Several studies have recently been conducted comparing the number of people affected of tardive dyskinesia with second generation, or more modern, antipsychotic drugs to that of first generation drugs. The newer antipsychotics appear to have a substantially reduced potential for causing tardive dyskinesia. However, some studies express concern that the number of people affected has decreased far less than expected, cautioning against the overestimation of the safety of modern antipsychotics.

A practitioner can evaluate and diagnose a person with tardive dyskinesia by conducting a systematic examination. The practitioner should ask the person to relax, and look for symptoms like facial grimacing, eye or lip movements, tics, respiratory irregularities, and tongue movements. In some cases, people experience nutritional problems, so a practitioner can also look for a gain or loss in weight.

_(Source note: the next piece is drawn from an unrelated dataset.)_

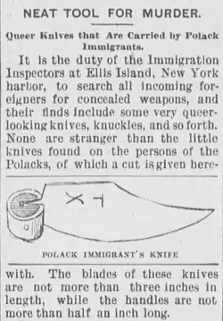 Polish immigrants were highly desired by American employers for low-level positions. In steel mills and tin mills, it was observed that foremen, even when given the choice to directly employ workers of their own ethnic background, still desired to choose Poles. Steel work was undesirable to other immigrant groups, as it lasted 12 hours a day and 7 days a week, self-selecting for the most industrious and hardworking people. Polish immigrants chose to chain-market the job positions to their friends and relatives, and it was very common for a Polish friend with good English to negotiate wage rates for newer immigrants.[68] Polish Americans favored steel areas and mining camps, which had a high demand for manual labor; favorite destinations included Chicago, Detroit, Milwaukee, Cleveland, Buffalo, New York, and Pittsburgh, as well as smaller industrial cities and mining towns. Relatively few went to New England or to farming areas; almost none went to the South. Poles came to dominate certain fields of work: in 1920, 33.1% of all U.S. coal-mine operatives and 25.2% of all blast furnace laborers were Polish.[69] Polish immigrants were categorized for low-status positions within U.S. companies, as the same steel companies that recruited Polish immigrants for work in blast furnaces recruited Irish immigrants for work with finished metal.[70]
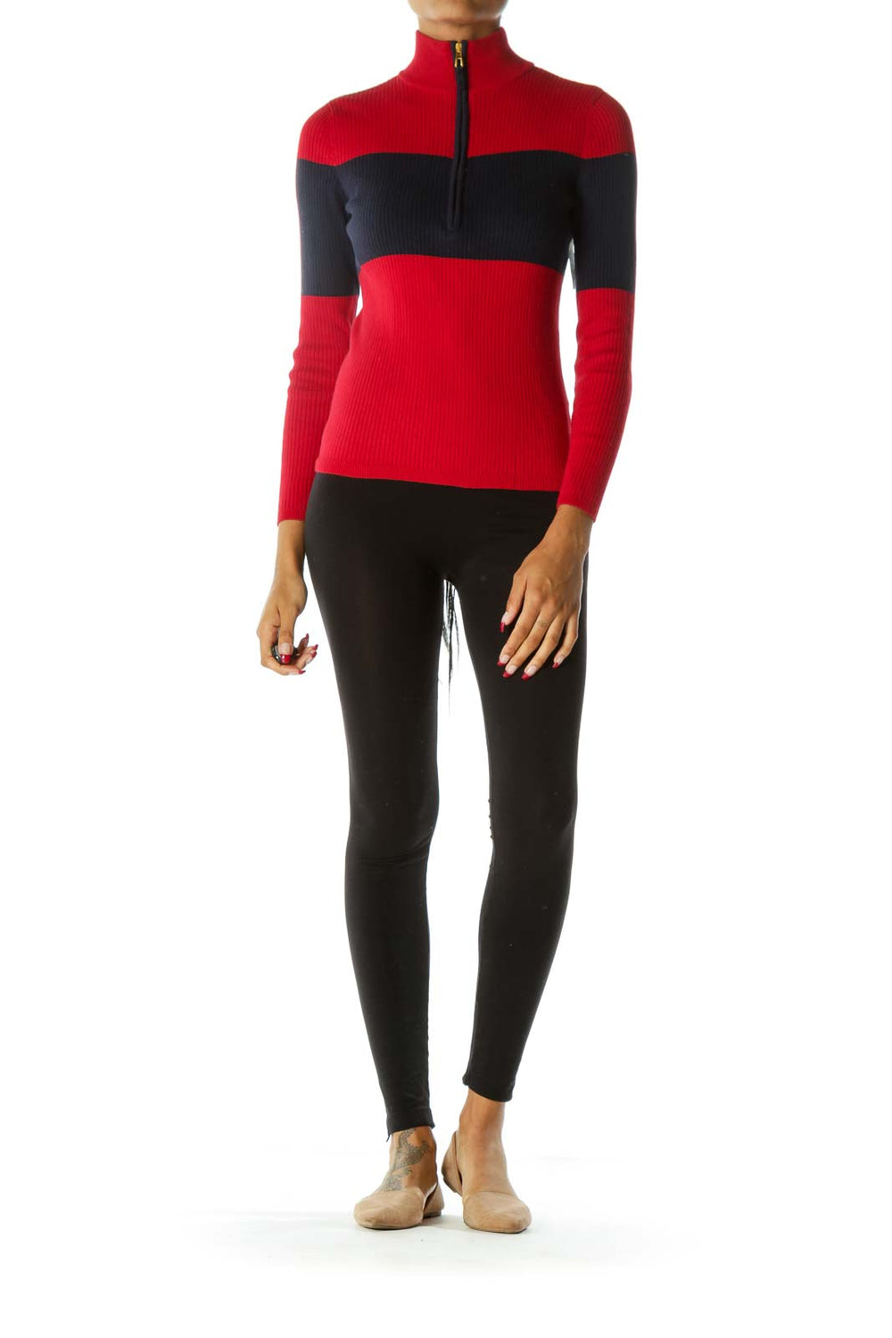 Blue Red 100% Cotton Zipper Long Sleeve Pull On Stretch Sweater

Apart from the underlying psychiatric disorder, tardive dyskinesia may lead to the social isolation of people with the condition. It also increases the risk of body dysmorphic disorder (BDD) and can even lead to suicide. Emotional or physical stress can increase the severity of dyskinetic movements, whereas relaxation and sedation have the opposite effect.

== In popular culture ==
In the TV series The Good Wife and The Good Fight, Michael J. Fox, who has Parkinson's disease, plays the lawyer Louis Canning, who has tardive dyskinesia.